I am reading the paper on Wide & Deep learning and for the wide component, it states that one of the most important transformations is the cross-product transformation. This is defined as follows:

$$\phi_{k}(\mathbf{x})=\prod_{i=1}^{d} x_{i}^{c_{k i}} \quad c_{k i} \in\{0,1\}$$

Then, the authors argue that for binary features, a cross-product transformation (e.g., “AND(gender=female, language=en)”) is 1 if and only if the constituent features (“gender=female” and “language=en”) are all 1, and 0 otherwise.

But how does this relate to the given formula? And how can I think of the cross-product transformation in general?


1 Answer 1


Let's do this in the opposite order of how you asked. i.e. first:

How can I think of the cross-product transformation in general?

For me a cross-product comes from linear algebra, and it is a different transformation. Therefore let's start by not confusing both. The cross-product in the equation above is a transformation alright but is not related to what most of us call a cross product.
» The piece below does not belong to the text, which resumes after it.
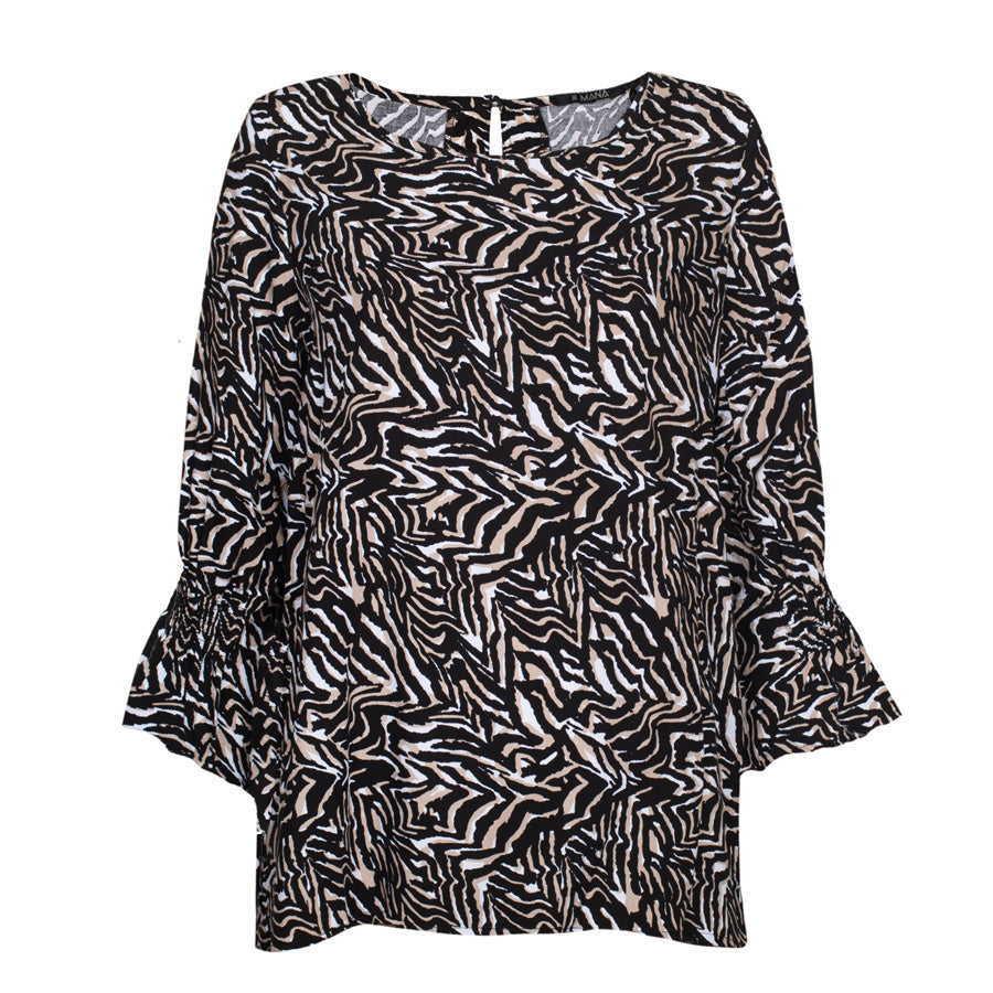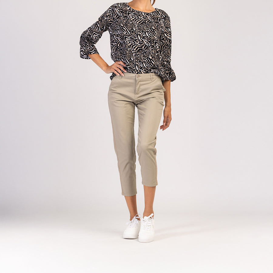 Ten damski T-shirt z rękawem 3/4 zachwyca wyrafinowanym beżowym wzorem, który z łatwością dopasujesz do każdego stylu. Wykonana z miękkiej wiskozy, zapewnia przyjemną oddychalność, wygodę i swobodny, a zarazem elegancki wygląd.

With that out of the way let's look at the formula. Since both the index on the product and components of $\vec{x}$ and $\vec{c}$ are the same (they're all $i$), we can be rather confident that $d$ is the number of dimensions/features we are working with. Therefore to make things a little easier to see let's work with $d = 4$:

$$ \phi_{k}(\vec{x})=\prod_{i=1}^{4} x_{i}^{c_{k i}} \quad c_{k i} \in\{0,1\} $$

Now we can write an example vector to which we apply the transformation, say:

$$\vec{x} = [7, 5, -0.5, 0.2]$$

And an example vector which parametrizes the transformation:

$$\vec{c} = [0, 1, 1, 0]$$

And for a start let's evaluate the transformation:

$$\phi_k(\vec{x}) = 7^0 \cdot 5^1 \cdot -0.5^1 \cdot 0.2^0 = 5 \cdot -0.5 = -2.5$$

And that's it. But now comes the important part, let's describe what this transformation just did: We took a vector in 4 dimensions, took it's 2nd and 3rd components and multiplied them together (whilst we ignored the 1st and 4th components). In other words the transformation $\phi_k$ uses its parametrization $\vec{c}$ to decide which components of its argument to product together.

We can therefore use different parametrizations to achieve different transformations of the vector $\vec{x}$.
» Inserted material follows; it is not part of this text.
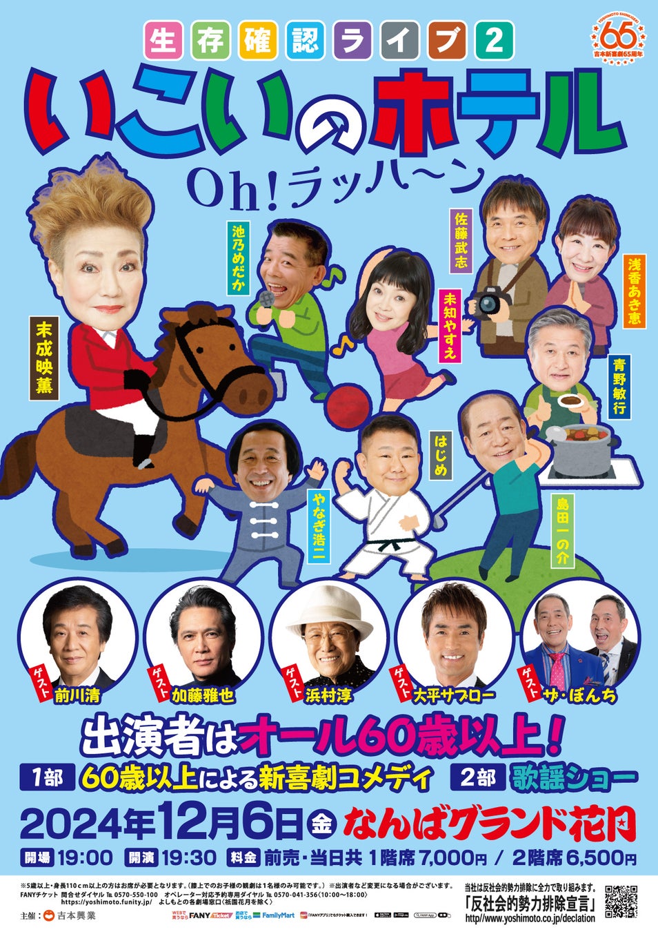 2024年12月6日(金)になんばグランド花月にて吉本新喜劇・末成映薫 主催『生存確認ライブ2~いこいのホテル Oh!ラッハ~ン~』の開催が決定いたしました。
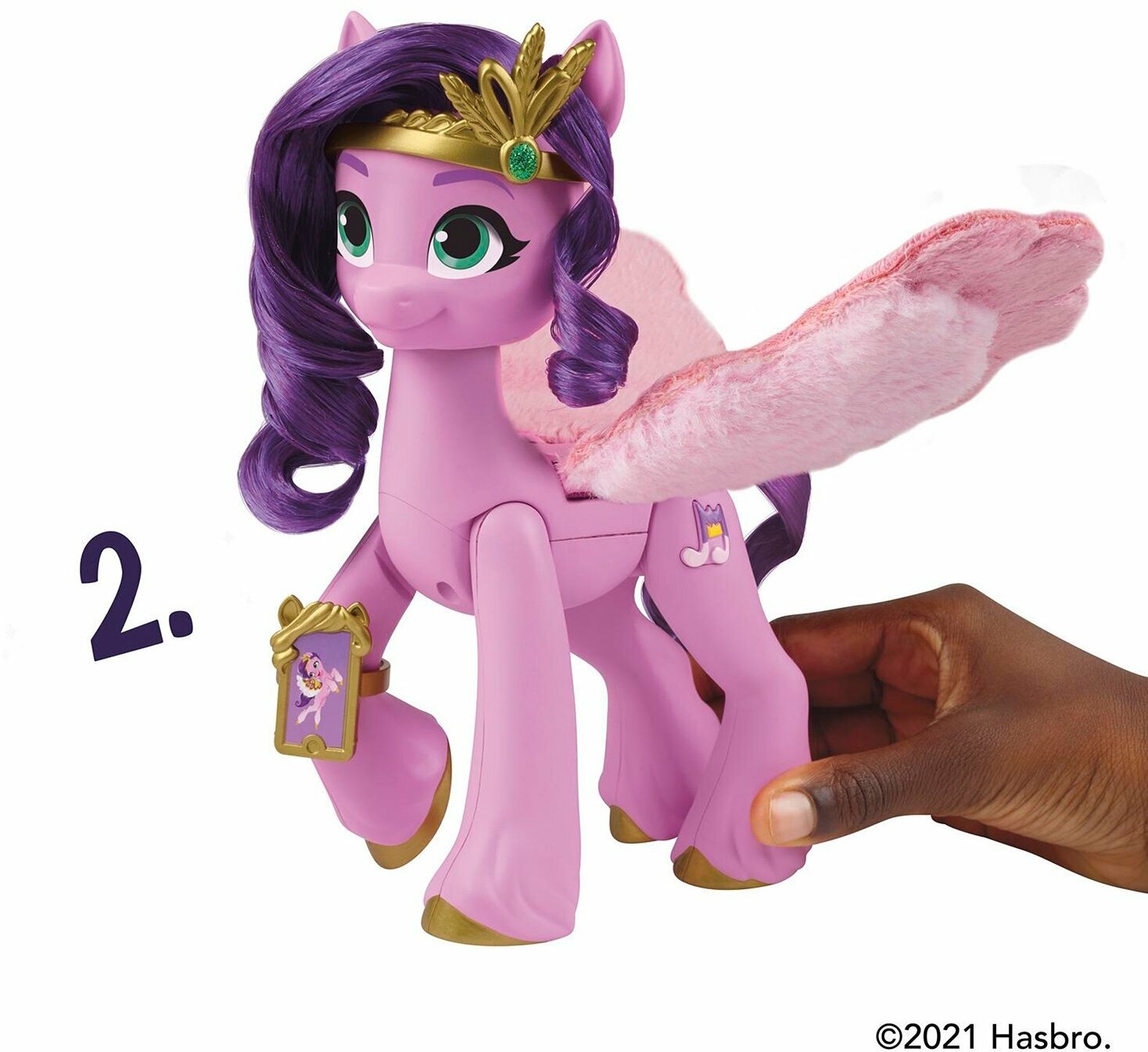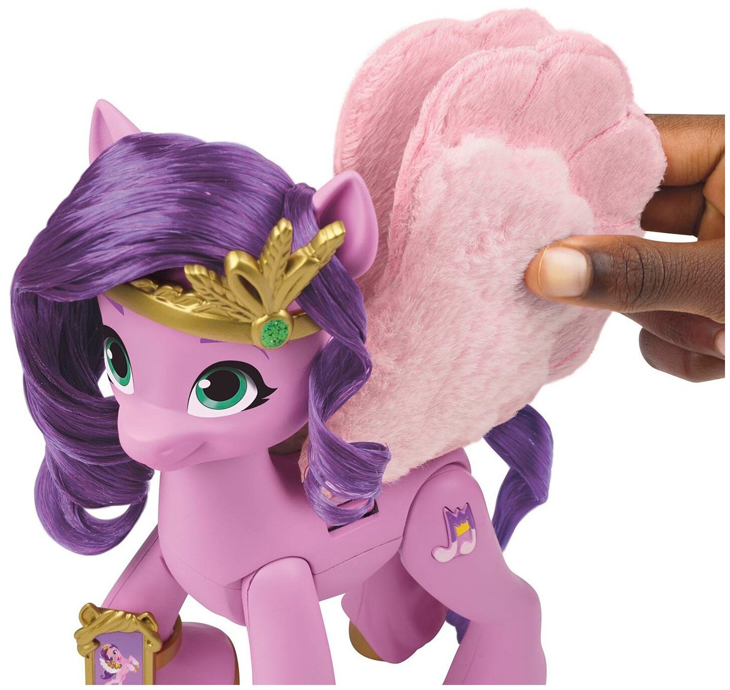 | Дополнительная информация | фигурка Принцессы Петалс имеет фиолетовые волосы и знак отличия в виде ноты, нажав на который, можно услышать песню из мультфильма «My Little Pony: Новое поколение»; чтобы пони взмахнула пушистыми крыльями, сожмите задние ноги фигурки вместе; песня звучит только на английском языке, для работы требуется 1 батарейка типа ААА |

What this may be useful for? If you are confident that all components in the vector are $> 1$ (or all are $< 1$) then you have the combined magnitude of the selected dimensions. Although keep reading below since this is really useful to binary features.

How does this relate to the given formula?
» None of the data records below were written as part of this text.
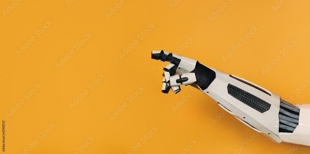 Robot isolated on orange background
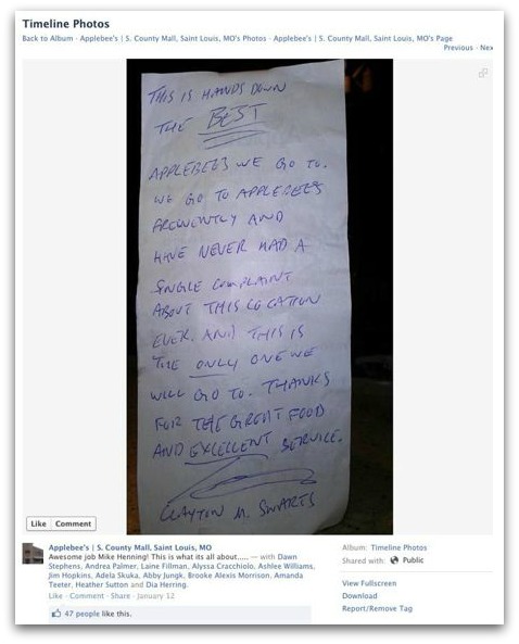 První chybou vedení pobočky Applebee’s ze St. Louis byla neadekvátní reakce (tj. okamžité propuštění) na relativně malý, ale již veřejně probíraný prohřešek pracovníka. Avšak stalo se. Někdo ve firmě si uvědomil z toho plynoucí informační vakuum a přišel s oficiálním statusem na Facebooku – s právně korektním (a taky tak bohužel znějícím!) důvodem propuštění. Tím bylo údajně jen a pouze porušení důvěry a ohrožení soukromí zákazníka zveřejněním jeho jména na konkrétní účtence (o tom by se dalo silně pochybovat). Link k tomuto statusu naleznete zde.
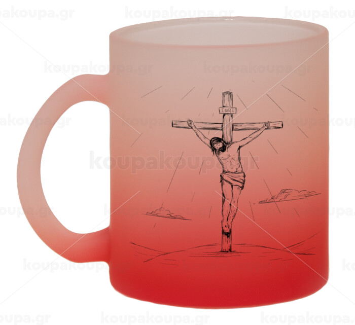 Jesus Christ , Κούπα γυάλινη δίχρωμη με βάση το κόκκινο ματ, 330ml
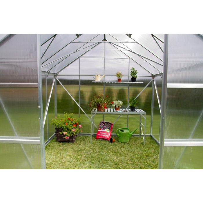 Obsahom balenia sú dvojkrídlové posuvné dvere (š x v otvoru = 122 x 191 cm), AL profily, presklenie, 4x strešné ventilačné okno s manuálnym otváraním, všetok spojovací materiál + pozinkovaná základňa. Ku skleníku je možné dokúpiť množstvo nadštandardného príslušenstva - poličky, regály, ďalšie vetracie strešné i bočné okienka, automatické otvárače k týmto okienkam, odkvapové sady, teplomery, vlhkomery, zavlažovacie zariadenia, elektrické odporové vykurovanie pôdy.

i.e. how the binary features can only be 1 if all (relevant) features are present. I believe that this relates to the definition of $0^0$ and $0^1$. Let's take a different vector:

$$\vec{x} = [0, 1, 0, 1]$$

Let's say that these are non-exclusive binary features: [male?, dog?, white?, fed?]. So we have a female dog which is not white and is currently well fed.

Now let's take the parametric vector to be:

$$\vec{c} = [0, 1, 1, 0]$$

And perform the transformation:

$$\phi_k(\vec{x}) = 0^0 \cdot 1^1 \cdot 0^1 \cdot 1^0 = 1 \cdot 1 \cdot 0 \cdot 1 = 0$$

A small note is now in order: $0^0 = 1$ is not true in all fields of mathematics, but since it is accepted in most fields and makes sense here we will use it here (and so I believe that the authors of the paper do use this assumption as such).

Wait! So had we had the dog been white we would have had a $1$ as the result. In other words, had $\vec{x}$ been $[0, 1, 1, 1]$ we would have gotten $1$ as the result of the transformation because the third term would be $1^1$. Try it out!

This means that $\phi_k$ with $\vec{c} = [0, 1, 1, 0]$ will return $1$ (true) for all $\vec{x}$ that represents a white dog, does not matter if the dog is male or female or whether it is fed. And will return $0$ for anything that is either not a dog or not white.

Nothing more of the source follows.